Researchers: Tobias Andersen, Kalle Korhonen,Christina Krause, Riikka Möttönen, Klaus Riederer, Mikko Sams, Kaisa Tiippana
Our main interest is to study the mechanisms of audiovisual speech perception, i.e. to determine how seeing the talking face affects the speech percept, by conducting psychophysical experiments. Computational models are also being tested and developed to account for the results. The research will enhance our understanding of the basic mechanisms of human speech perception, and will have applications in communication technology, for example in the development of automatic audiovisual speech recognizers.
In a typical experiment, an observer is presented with audiovisual speech, i.e. speech sounds through headphones or loudspeakers together with a talking face on a computer monitor, and the observer reports what he or she heard.
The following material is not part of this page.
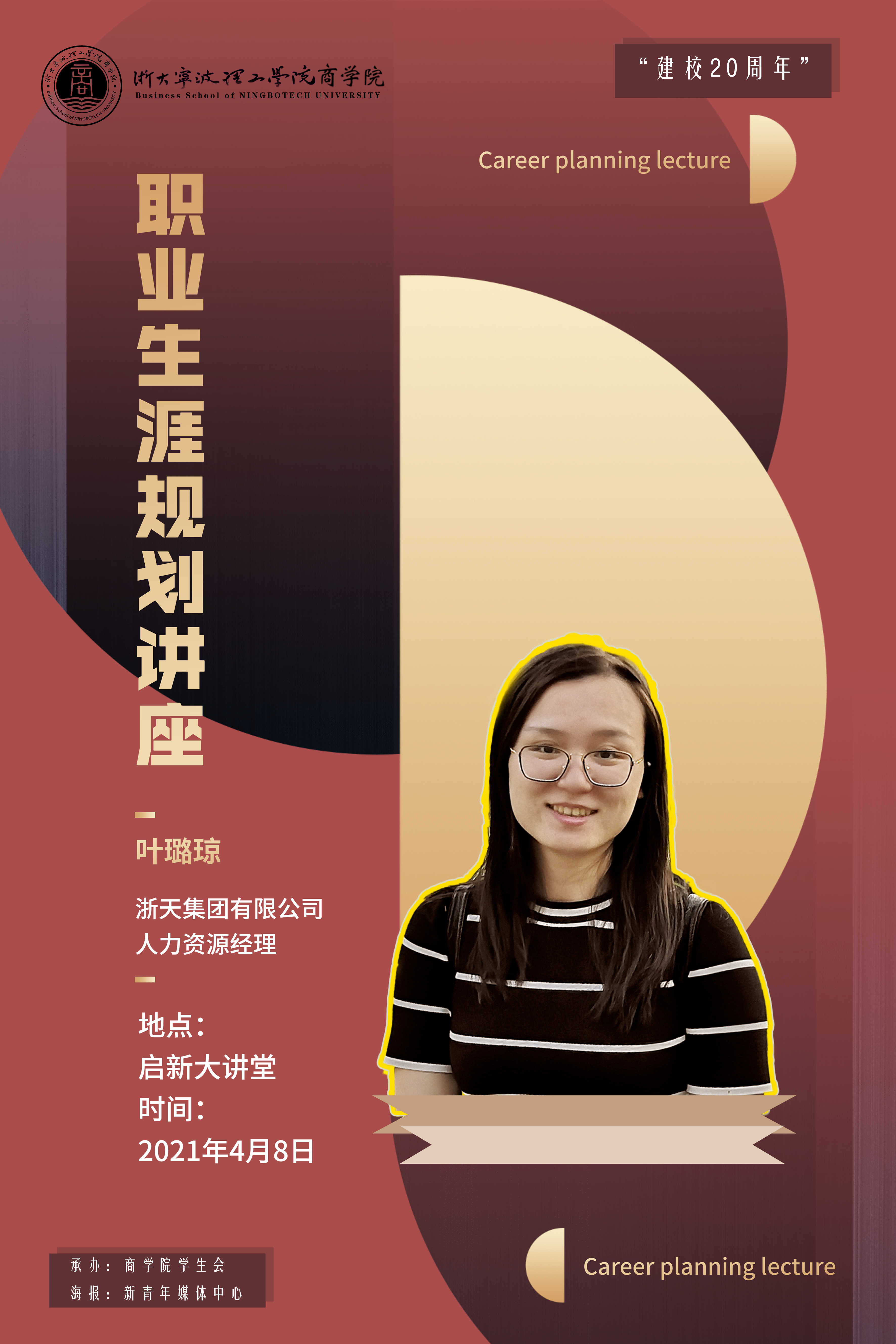 4月8日下午,商学院在启新大讲堂开展职业生涯规划讲座,浙天集团有限公司资深人力资源经理叶璐琼女士受邀讲座。商学院院长肖文,学院党委副书记、纪委书记周丽娟,学工办辅导员以及学院200余名学生参加讲座,周丽娟主持讲座。

By analysing the responses, mechanisms of speech perception can be inferred. One of the main research tools is the McGurk effect in which discordant auditory and visual stimuli are presented. For example, an auditory syllable /pa/ is dubbed onto a visual syllable /ka/. This kind of combination is perceived as /ta/ by most people. The McGurk effect is used to study audiovisual integration since its strength is related to the extent of integration.
The main projects have been investigating
We have shown that distraction of visual attention weakens the McGurk effect, which indicates that audiovisual integration is not an entirely automatic process. Decreasing the audio signal-to-noise ratio strengthens the influence of visual speech in a similar way regardless of whether the ratio is manipulated by adding different levels of noise to the speech signal or whether the signal intensity is reduced. The FLMP has been tested on the latter, extensive experimental results, and it can account for the results remarkably well.
We have also developed a software package for conducting behavioural studies which enables the presentation of dynamic audiovisual stimuli such as video clips in a controlled way, and the recording of subjects' responses through keyboard, mouse or a separate response pad. The software is flexible allowing various variations in the experimental set-up such as response determination (e.g. set by experimenter or free-choice by subject), number and order of stimulus presentations, grouping of stimuli, and determining which responses are recorded. The software will make it easy to conduct more extensive and complex experiments than was previously possible.
Research in three-dimensional auditory perception has been carried out applying both behavioral and computational approaches. The key issue is to apply digital filters to the measured (individual) head-related transfer functions (HRTFs) that comprise the basis for human spatial hearing. In the method used a single computed, perceptually justified, value reveals the deviations from the common HRTF database. This basic investigation shows the high baseline quality of HRTFs for the perceptual experiments. The accuracy of measurements has been proved by extensive replicability measures. We have also demonstrated the effects of clothes and hairstyle to the measured HRTF data.